I have recently started a new strategy with our kids, and it seems to be harder for me to demonstrate than I would have imagined. Patrick and I want to be living examples that we can choose thankfulness in every situation. Easier said than done, of course. Children’s complaints often show that they are simply learning how to voice their feelings or thoughts about something. However, as adults, we do the same thing, without teaching an alternative to the complaining.

Our ability to pick the good out of the bad can seem so simple. However, if this is something we practice regularly, we might be able to keep from being overcome when inevitable, bigger, more complicated struggles come our way. Of course, we could start with the obvious…‘There are starving children in the world. Quit complaining about dinner!’. Here are some examples of a complaint vs thanks conversation in our home:

“I hate that we have to take our daughter to UVA for clinical drug trials.”


“I’m so thankful there are doctors who dedicate their careers to fight vision loss for people like Logan, and we have the opportunity for her to be treated by them.”

“I wish my arm worked like it used to, and I wasn’t known as ‘The Columbine Girl’ wherever I go.”


“I’m so thankful for this second chance at living life, and demonstrating to our kids that we can survive to thrive.”

“The food is taking forever to get to our table!”


“I’m thankful we are able to spend this evening dining out together.”

“Oh my goodness, the piles of laundry on my floor!”


“I’m thankful for all four of my healthy children who wear these clothes while living a full and healthy life.”

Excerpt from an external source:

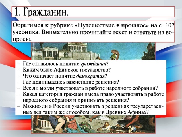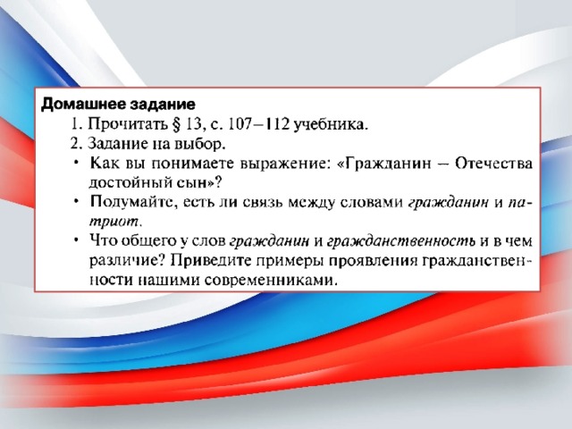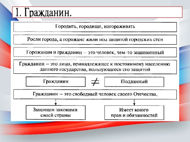 Презентация к уроку "Гражданин России" для 5 класса по "Поурочные разоаботки по обществознанию к учебнику Боголюбова" Сорокиной Е.Н., содержит интересные факты, понятия о гражданине, его обязанностях и об обывателе.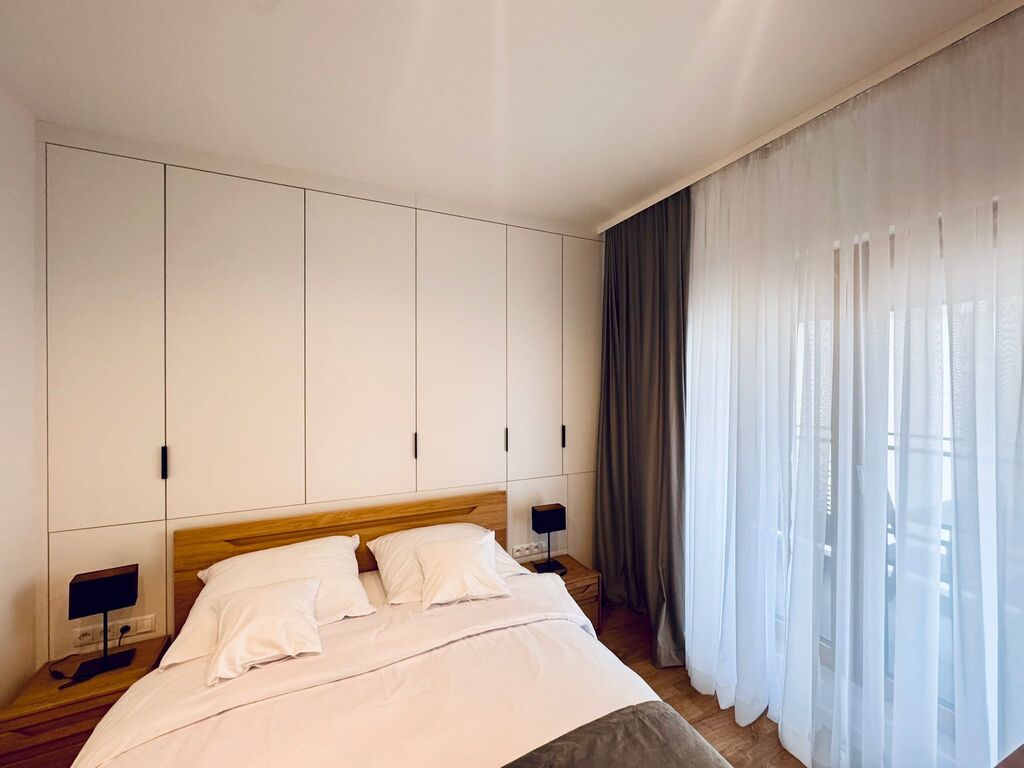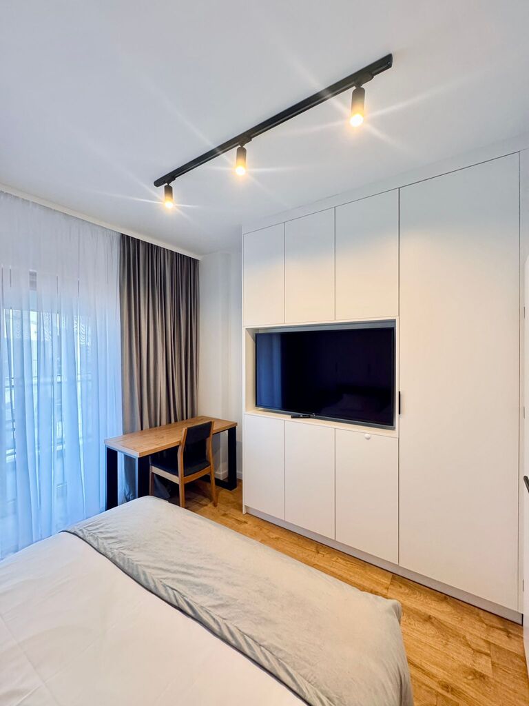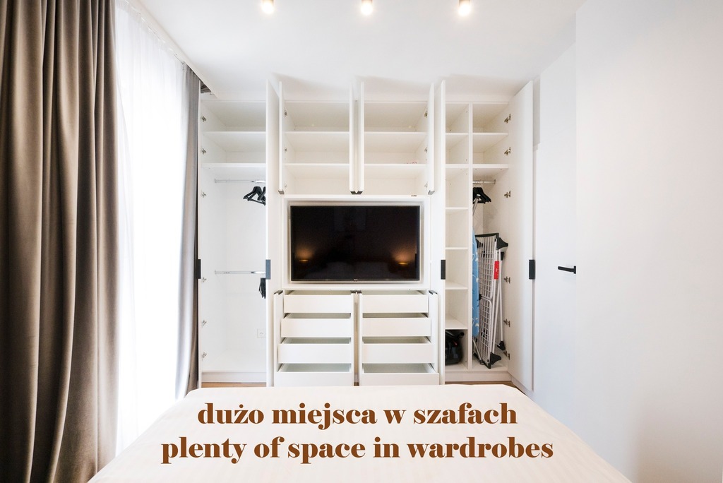 - Sypialnia – cicha i przytulna, z wydzieloną częścią biurową

Some of the examples are extreme, some are so basic. And, certainly, there are times when life is just plain hard, and we need to be stuck in the difficulty for a time. People often tell me, “You have been through so many difficult things in life…things that most people will never experience…and you still seem so joyful.” It is by the grace of God that I have found healing of my heart and mind, but I believe my daily desire to choose where my focus goes helps in keeping my mind and heart optimistic. There have, at times, been way too many life-shattering things for me to complain about that it has felt impossible to find even one tiny positive. I promise, the tiny things are there. And, most of the time, if we change our perspective, we realize…the tiny thing is the one we are complaining about, and the choice to be thankful reveals something so big that the complaint fades away.